Falanca sporcumuz Çin'e "sakat sakat gitmiş."
Filanca sporcumuz "Çin'de sakatlanmış."
Başarının sahibi çok olurmuş da...
Başarısızlığı gelin etmişler, kimse damatlığı kabul etmemiş.
Pekin'de "bunu" dolu dolu gözledik.
***
Yanımızdakilerle "sakatlık üzerine" konuşurken...
Adalet Bakanı Mehmet Ali Şahin'i gördük.
O da bizi gördü.
Birbirimize doğru yürümeye başladık.
"Bir şey" dikkatimizi çekti... Bakan bey hafiften aksıyordu.

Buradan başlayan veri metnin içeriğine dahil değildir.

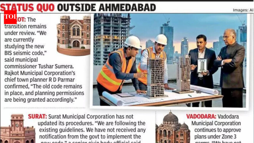 Ahmedabad/Surat/Vadodara/Rajkot: The implementation of the new seismic building code has divided Gujarat’s major municipal corporations, which could result in a policy deadlock over construction norms in the state’s biggest cities.The Bureau of Indian Standards’ (BIS) revised structural code — IS 1893:2025 — has officially upgraded Ahmedabad, Surat, Vadodara and Rajkot from Seismic Zone 3 (moderate risk) to Zone 4 (high risk), mandating stricter earthquake-resistant design standards. However, civic bodies have adopted differing approaches to its enforcement.The Ahmedabad Municipal Corporation (AMC) has taken a firm stand, issuing a circular mandating immediate compliance with the new code for all building plans submitted after Nov 3, 2025. On Jan 19, AMC further directed structural engineers to submit affidavits confirming adherence to the new structural code. The move has reportedly stalled around 15 major high-rise projects in the city.In contrast, municipal corporations in Surat, Vadodara and Rajkot continue to approve projects under the 2016 version of the code (IS 1893:2016), citing a six-month transition window granted by the Centre that keeps the earlier standards valid until May 3, 2026. These civic bodies have also sought clarifications from the state govt on the issue.Developers in Ahmedabad have urged AMC to permit use of the old code until the transition deadline, citing financial and technical complications. The Zone 4 classification requires buildings to withstand higher seismic forces and incorporate mandatory ‘ductile detailing’ to ensure structures bend rather than collapse during earthquakes.“AMC’s insistence on exclusive adherence to the new code from Nov 3, 2025 is inconsistent with the Centre’s transition provision,” said Rajesh Vaswani, chairman, Credai Ahmedabad. He added that around 15 project plans, including buildings taller than 45 metres, are currently stalled.Builders argue that projects in advanced planning stages cannot easily switch standards. According to Credai, “Constructing half a building under the old code and the rest under the new code is technically unfeasible.”Tejas Joshi, president, Credai Gujarat, said AMC should hold discussions with structural engineers before enforcing the new norms. “Credai is ready to work with AMC and engineers to create awareness among builders and stakeholders,” he said.(With inputs from Parag Dave in Ahmedabad, Nimesh Khalhariya in Rajkot, Sachin Sharma in Vadodara, Yagnesh Mehta and Vishal Patadiya in Surat)BOX: STATUS QUO OUTSIDE A’BADRAJKOTIn Rajkot, the transition remains under review. “We are currently studying the new BIS seismic code,” said municipal commissioner Tushar Sumera. Rajkot Municipal Corporation (RMC) chief town planner R D Parmar confirmed, “The old code remains in place, and planning permissions are being granted accordingly.”VADODARAThe Vadodara Municipal Corporation continues to approve building plans under Zone 3 norms. “We have not received any intimation regarding the implementation of the zone change,” an official said, adding that the city will “act as per directions” once guidance is received from the state govt.SURATThe Surat Municipal Corporation has not updated its procedures. “We are following the existing guidelines. We have not received any notification from the government to begin implementation under the new code,” a senior civic body official said. Meanwhile, Credai Surat chairman Rajiv Patel, in a letter to the chief minister, warned that the mandate would require “significant compliance measures,” including complex analysis and mandatory ductile detailing, sharply increasing construction costs for both developers and residents.

- Hayırdır sayın Bakan... Siz de mi sakatlandınız?.. Pekin'de mi oldu?.. Zaten yeteri kadar sakatımız var.
Mehmet Ali Şahin "Pekin'de değil, Antalya'da oldu" diye güldü:
- Pekin'e gelmeden önce Antalya'da tenis oynadım... Bir saatten fazla... Fakat, ısınmadan oynadım.
- Sonuç?
- Pekin'de aksama başladı... Kafile doktorumuz yarbay baktı.
- Ne dedi?
- Kıkırdakta sorun... Menüsküs... Türkiye'ye dönünce Gülhane'ye gideceğim... Ufak bir operasyon gerekiyor.
"Geçmiş olsun" dedik ve takıldık:
- Bu durumda Pekin'de müsabakaya çıkamayacaksınız... Bizi bir madalyadan ettiniz.
***
Mehmet Ali Şahin de bize takıldı:
- Neyse ki siz madalya aldınız... Ona sevindik.
Bizi dinleyenler "neee" diye sordular.
Spordan Sorumlu Devlet Bakanı Murat Başesgioğlu araya girdi:
- Evet arkadaşlar... Yavuz bey bir madalya aldı.
Herkes "göster... Hani?.. Nerede" diye toplandı.
***
Çin Yabancı Ülkelerle Dostluk Derneği Başkanı Chen Haosu "Türk-Çin Dostluk Derneği Başkanı Kemal Baytaş onuruna" bir yemek vermişti.
Yemeğe büyükelçimiz Oktay Özüye ile biz de davetliydik.
"Karşılıklı konuşmalar" yapıldı.
Ve yemekten sonra bay Chen Haosu, "olimpiyatların ilk günü anısına bir madalya yapıldığını" söyledi.
"Sınırlı sayıda."
Çin'e gelen "yabancı konuklara" veriliyormuş.
Baytaş'a, büyükelçimize ve bize "birer madalya" taktı.
***
"Şaka maka" Pekin'den elimiz boş dönmedik.